We stampede downstairs. Bern verbally leaves a “Les Miserables” length list of instructions — I suspect all new moms do — even though her sister and mom have helped raise about a dozen children. Check the wallet, grab the car keys, a hug and a kiss for our little Pop Tart and out the door we go for an evening of adult conversation.

6:52 p.m.: I stick the key in the ignition and back the car up.

6:53 p.m.: Bern says, “I have to tell you what Penelope did at breakfast….”

6:58 p.m.: We drive past Hillbilly Hall. “Yea, thinking we’d take Penelope to the pig roast was a pretty stupid idea,” I say. “The big Confederate flag, Lynryd Skynrd cover band, drunken bikers . . . yea. I should have realized when that biker Rick told me about it the week before that it might not be a good place for a toddler.”

7 p.m.: Bern says,”You should have seen what Penelope and my mother were doing today . . .”

Bern stops talking (yes, it’s a rare occurrence, but it happens). In that silence, we both realize how quickly and firmly Penelope has enmeshed herself in every fiber of our relationship. Perhaps that’s part of the magic a child brings to a marriage. Nevertheless, we tacitly agree to discuss other topics as if to reaffirm our relationship will only become enhanced by Penelope, not consumed by it. And, for most of the night, we stick to that: We discuss places we’d like to visit, books we’d like to read, movies we’d like to see and Halloween costume possibilities (we eventually agree to dress as the lead roles in “Julie and Julia,” and yes, I was Julia Child, and yes, I was in character most of the night, and no, I won’t post photos here but I will share them with a few close friends.)

Bern hops out of the car in front of the restaurant, and since we’re in New Brunswick, I find a parking spot eight miles away, guaranteeing we’ll walk off the food on the return trip. At Makedas, we share a sampler platter for two which features chicken in awaze sauce, beef seasoned in an Ethiopian herb reduction sauce and . . . well, the enormous plate held about a dozen substantial portions. Rather than use forks, you soak up the meat and vegetables with a spongy Injera Ethiopian bread. Rather ironic, I thought, that we didn’t bring Penelope to a restaurant where you’re supposed to eat with your hands.
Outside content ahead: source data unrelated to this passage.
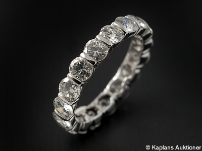 ETERNITYRING, (all the way around) 18K white gold, 17 brilliant-cut diamonds approx 3,74 ctw, approx W-TCr/VS (worn facet edges), ringsize 17 3/4, weight 3,7 g.
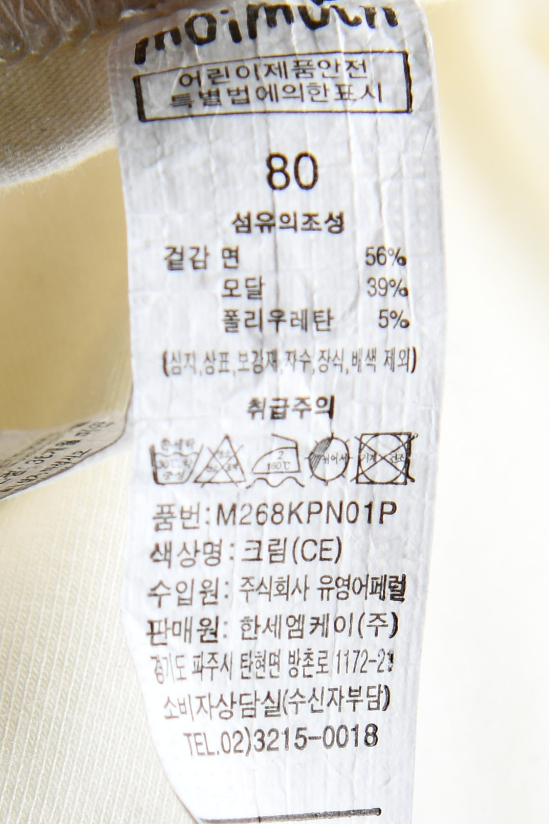 | 세탁방법 및 취급시 주의사항 | 본 세품은 손세탁 하십시오(케어라벨 참고) |
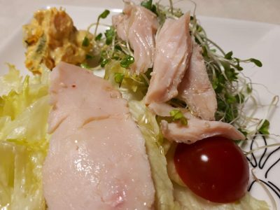 先に、スズキヤ流のレシピで鶏ハムを作っておきます。↓
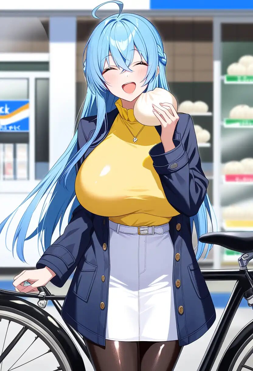 [eating baozi]++, [holding baozi]++, [open coat]+, [yellow tops]++, [casual]++, [white skirt]++, [huge breasts]++, perky breasts, hanging breasts, curvy, BREAK [black pantyhose]++, cowboy shot, legs together, standing, BREAK tall, [long hair]++, [straight hair]++, [shiny]++, [shiny skin]++, [shiny clothes]++, smile, blush, closed eyes, open mouth, BREAK [In front of the convenience store]++, bicycle, day, outdoors,
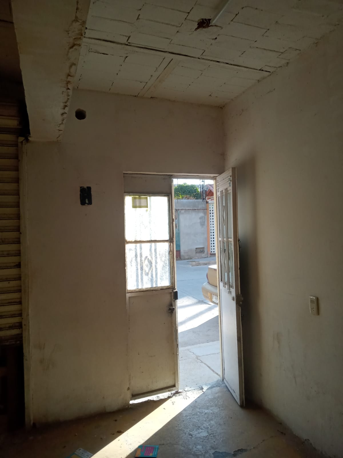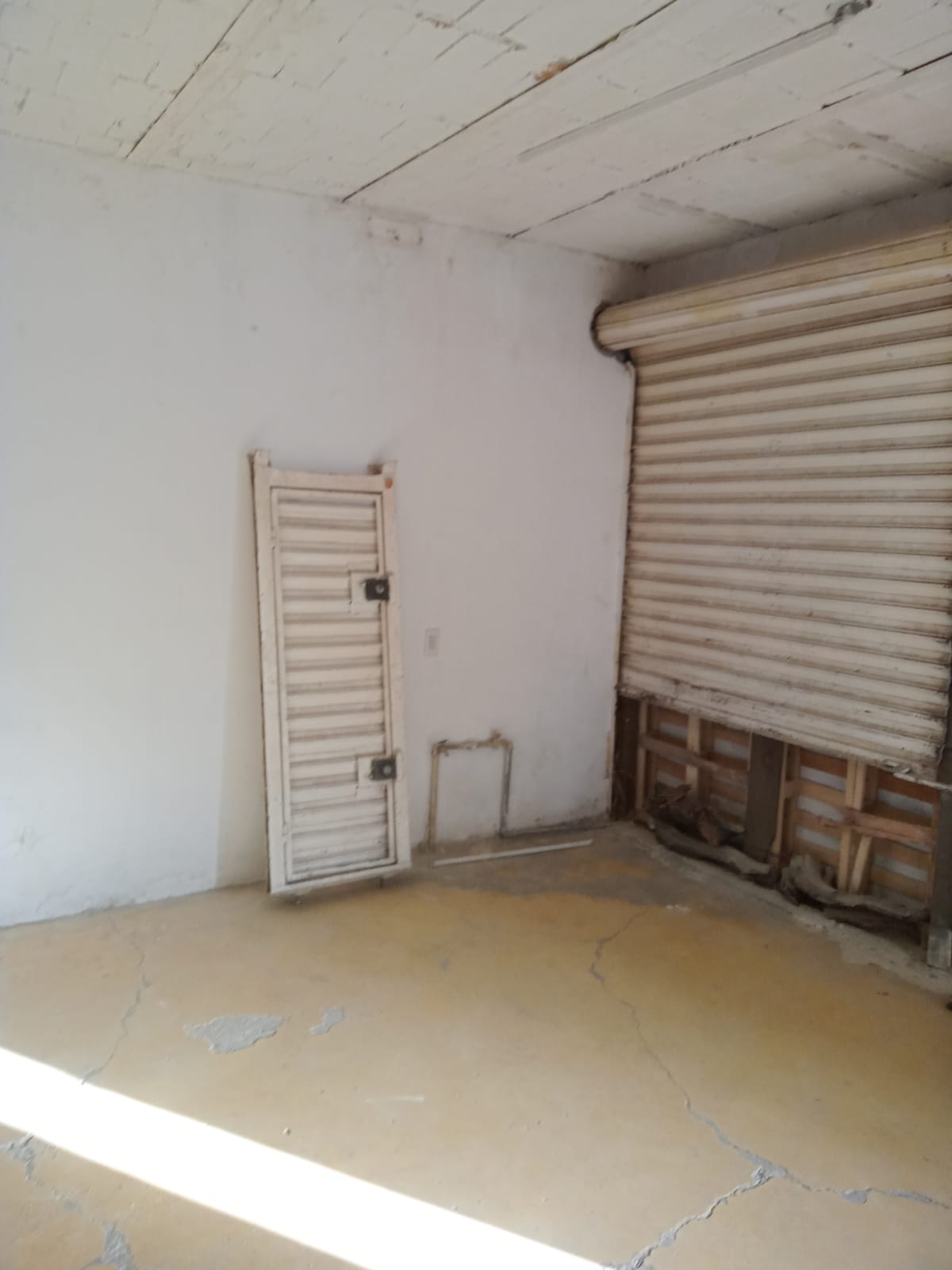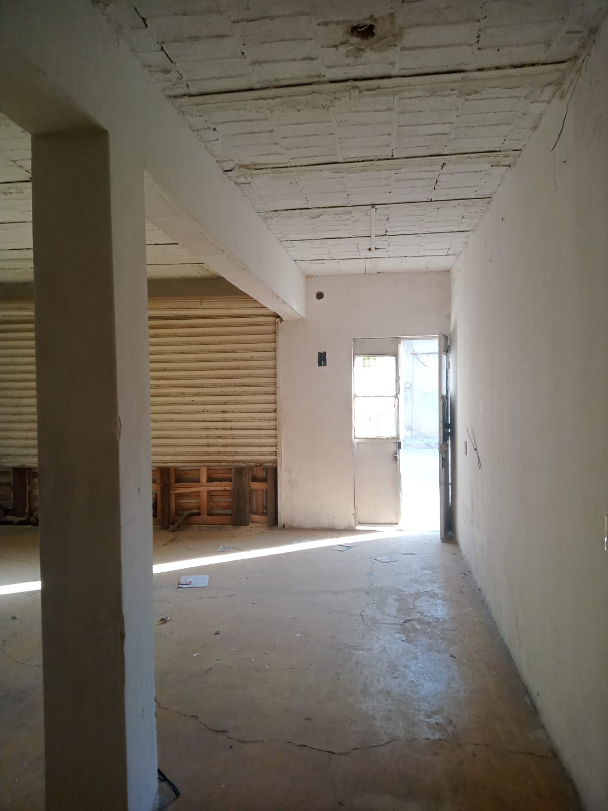 Área comercial con cortinas de acero en fachada, recibidor, área para cocina, 2 habitaciones, 1 baño completo, patio de servicio.
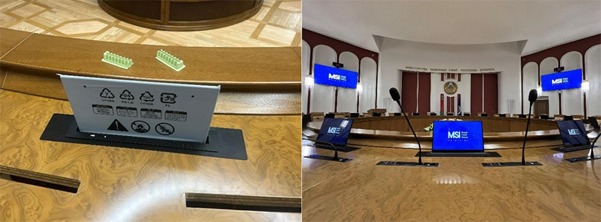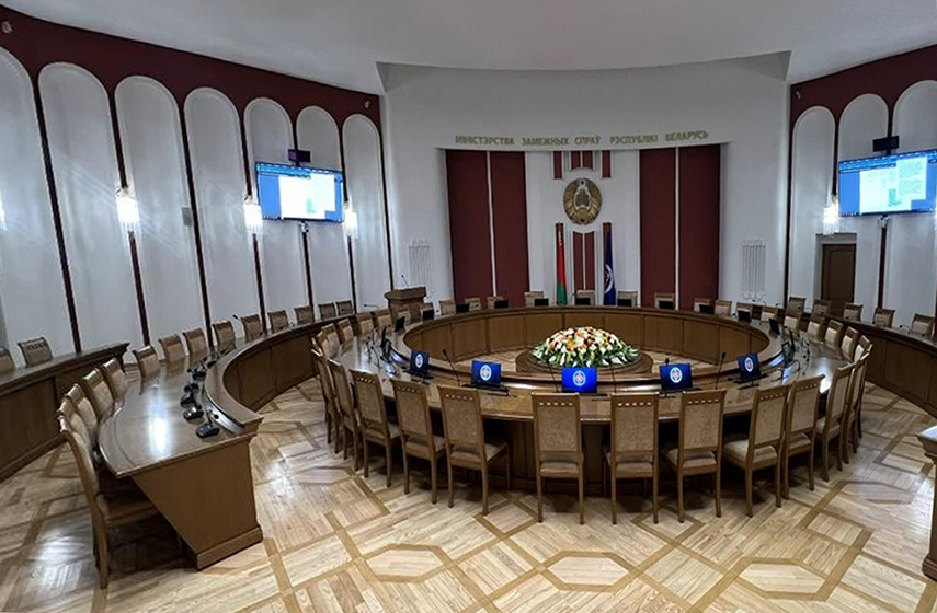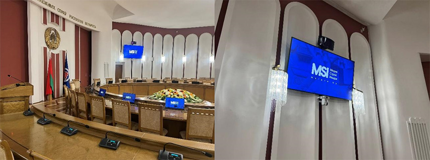 Министерство иностранных дел Республики Беларусь выполняет ключевую роль в реализации внешней политики государства, регулярно проводя официальные встречи на высоком уровне. Специфика таких мероприятий предъявляет повышенные требования к качеству аудиовизуального сопровождения. Онлайн-переговоры в гибридном или полностью дистанционном форматах и подключение зарубежных партнеров по защищенным каналам связи стали неотъемлемой частью современной дипломатической практики. В связи с этим МИДу потребовалась модернизация технического оснащения основного зала заседаний и пресс-холла. Для реализации проекта по поставке, монтажу и пусконаладке оборудования в качестве субподрядчика была привлечена компания ООО «МедиаСтройИмидж».
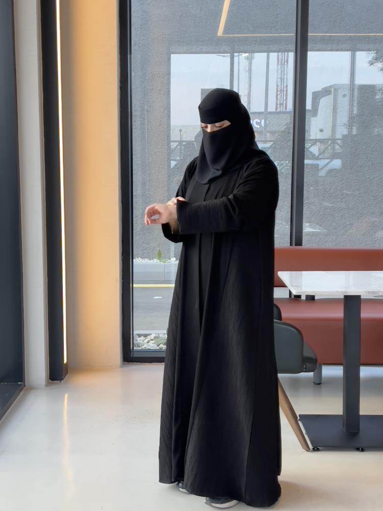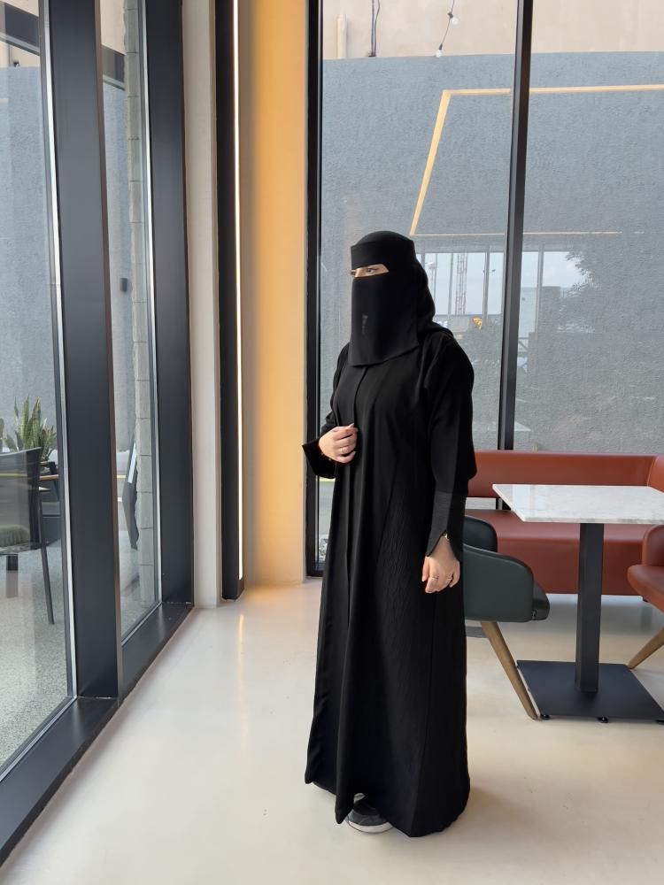 طول العباية يؤخذ من الكتف الى أسفل الكعبين (من الأمام)

Midway through the meal an R&B band starts performing. Between the music, the exotic food, the intimate setting and the candlelight that splashes delicately across Bern’s cheeks, the evening feels perfect. I’m radiating with a warm glow because I’ve realized that after 20 years, the same smile still takes my breath away. A relationship can brim years later with romance and passion — if you keep your ears and heart open, and your mind disentangled from the daily drudgery that creeps into life. I think that wards off the chill emptiness that shrouds too many marriages.

Penelope may not have eaten dinner with us, and we may have stopped discussing her early in our date, but she never leaves us. Her entrance into our lives made this dinner special. We treasure our time with our daughter, but now we treasure even more the moments just the two of us share. Each one of our dinner dates is now a special occasion.

So, as far as I’m concerned, Oscar Wilde can go stick it.